Apoptosis and cell proliferation are involved in the initiation of liver carcinogenesis by a subnecrogenic dose of diethylnitrosamine in refed rats.

We investigated whether changes in apoptosis and cell proliferation induced by starvation and refeeding in rat liver may contribute to the initiation mechanism of liver cancer by 20 mg/kg of diethylnitrosamine (DENA). Rats were starved for 4 d, then refed and given 20 mg/kg of DENA after 1 d of refeeding. Rat livers were examined before and after DENA treatment to measure DNA loss and synthesis, the number of the placental form of glutathione S-transferase (P-GST) positive cells and their turnover. Four days of starvation depressed cell replication, as indicated by the labeling index (LI), and induced apoptosis, as shown by the decay of total DNA radioactivity and apoptotic index (AI, TUNEL technique).
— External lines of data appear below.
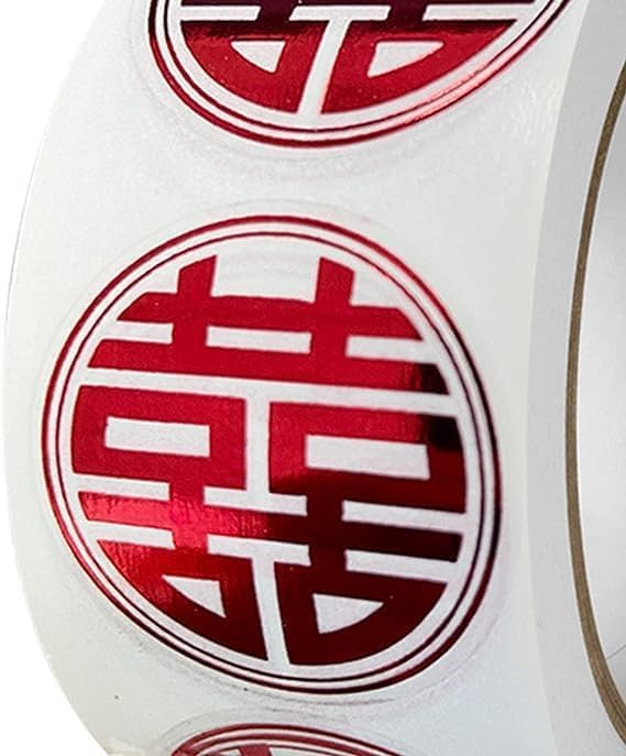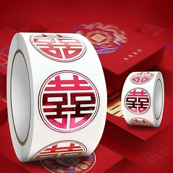 500 Pieces Roundness Chinese Red Double Happiness Roll Stickers for Envelopes, Decoration Supplies for Wedding, Cards, Gift Bags, Parties Presents Greeting Card Mailing Envelopes,Booklet Envelopes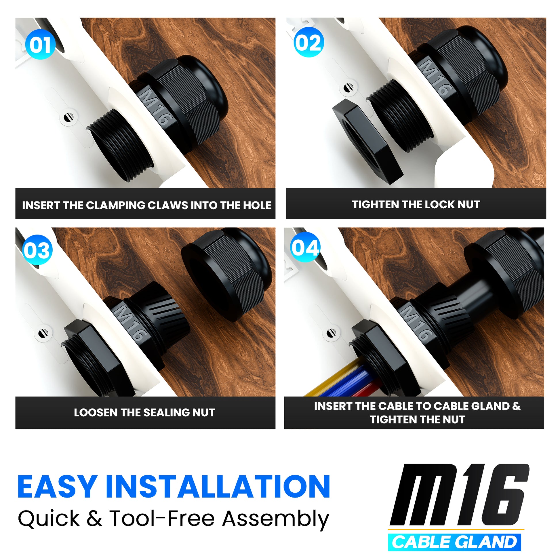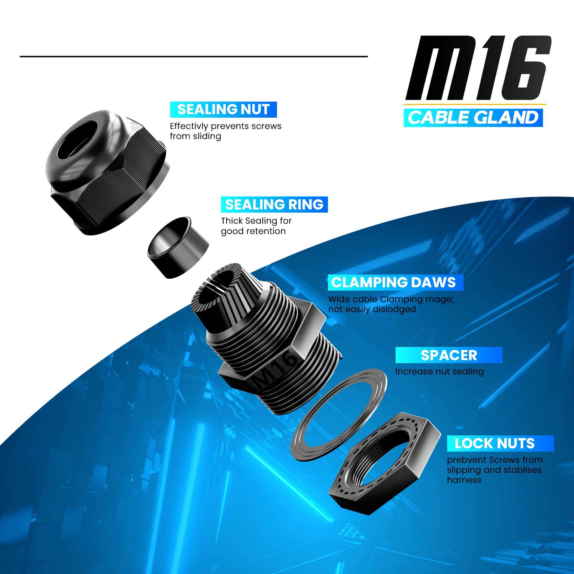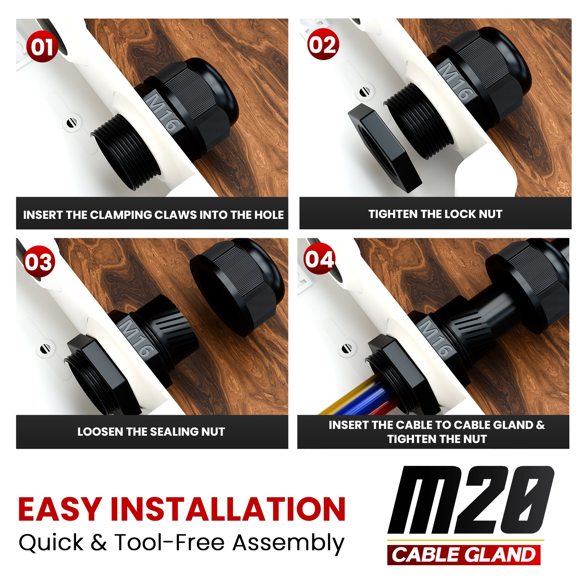 - Gland Wire Cable Connector, Made of High Quality Nylon Plastic Dustproof , Durable.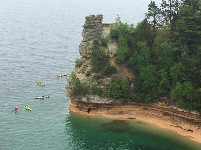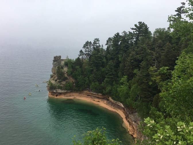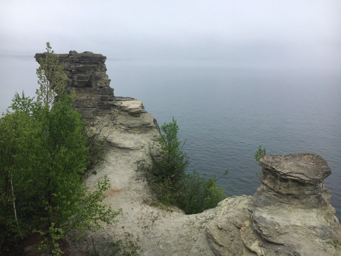 We then headed south and west along the spine of the Peninsula towards the Pictured Rock National Lakeshore. The day had turned gray and rainy which made the view of Lake Superior dark and misty. It stopped us from taking some hikes including the one out to the 1864 light house. We did see the Miner’s Castle and we will get a better view from the water tomorrow.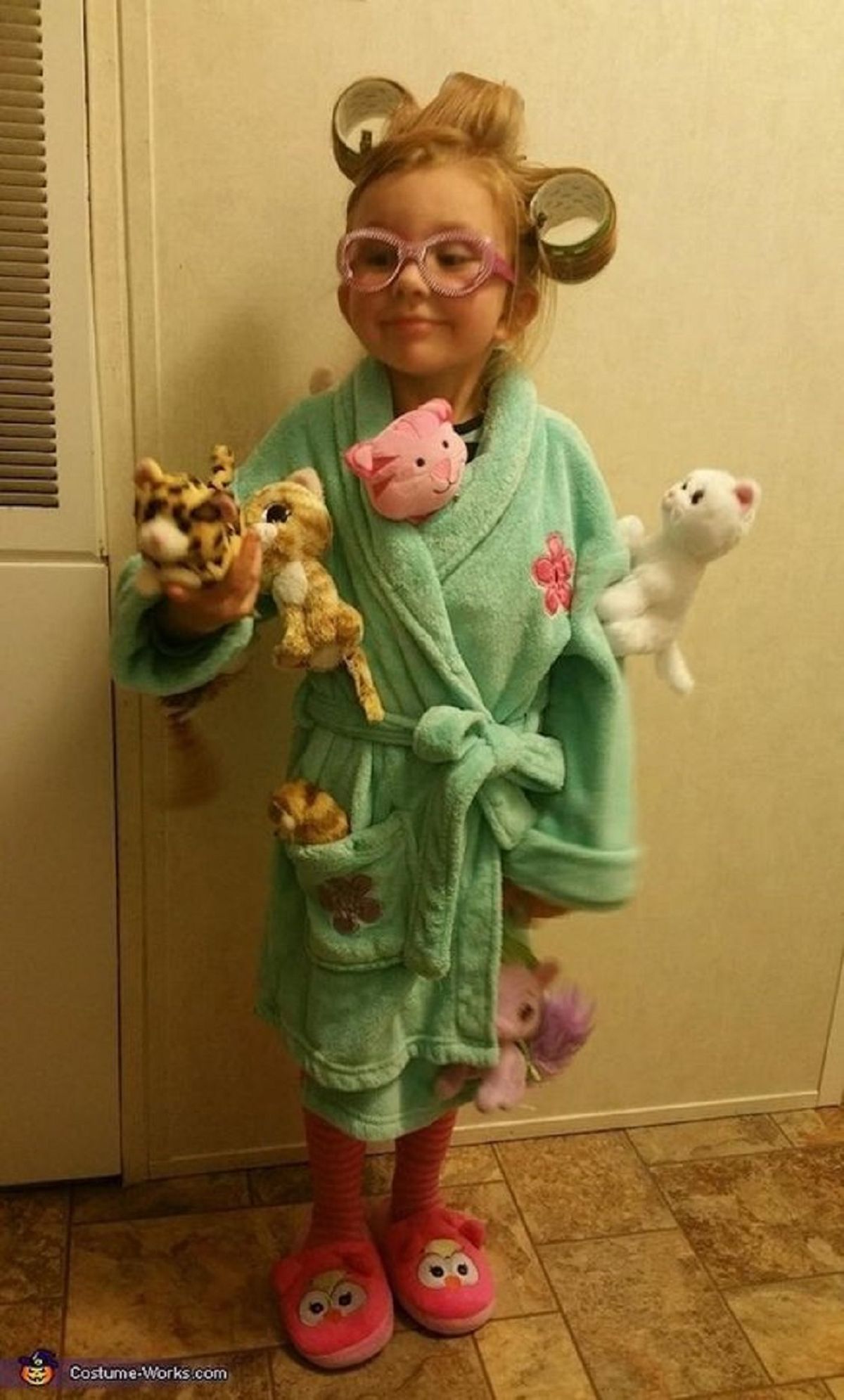 Un disfraz fácil para tu hija es la famosa "loca de los gatos". Puedes llevar a cabo este disfraz con tan sólo unos elementos: una bata de toalla y muchos peluches de gatitos. Complementa el atuendo con unos ruleros de juguete o, si no tienes eso, rollos de cintec.

After 1 d of refeeding, AI significantly decreased and LI remained low, indicating that a high percentage of S phase cells was not required for the DNA damage due to 20 mg/kg of DENA. DENA induced apoptosis and the AI after 20 mg/kg of DENA was 3% in refed rats vs. 1% in fully-fed rats 5 d after DENA (P </= 0.05). Putative-initiated P-GST-positive hepatocytes appeared after administration of 20 mg/kg in refed rats, and they showed a higher LI (6%) than the surrounding P-GST-negative cells 3 d after DENA (LI = 2%; P </= 0.01), while very few P-GST-positive cells were found in fully-fed rats. These data indicate that starvation-induced cell loss and the subsequent refeeding trigger cell proliferation that gives a selective advantage to the cells initiated by 20 mg/kg of DENA to grow in the livers of refed rats.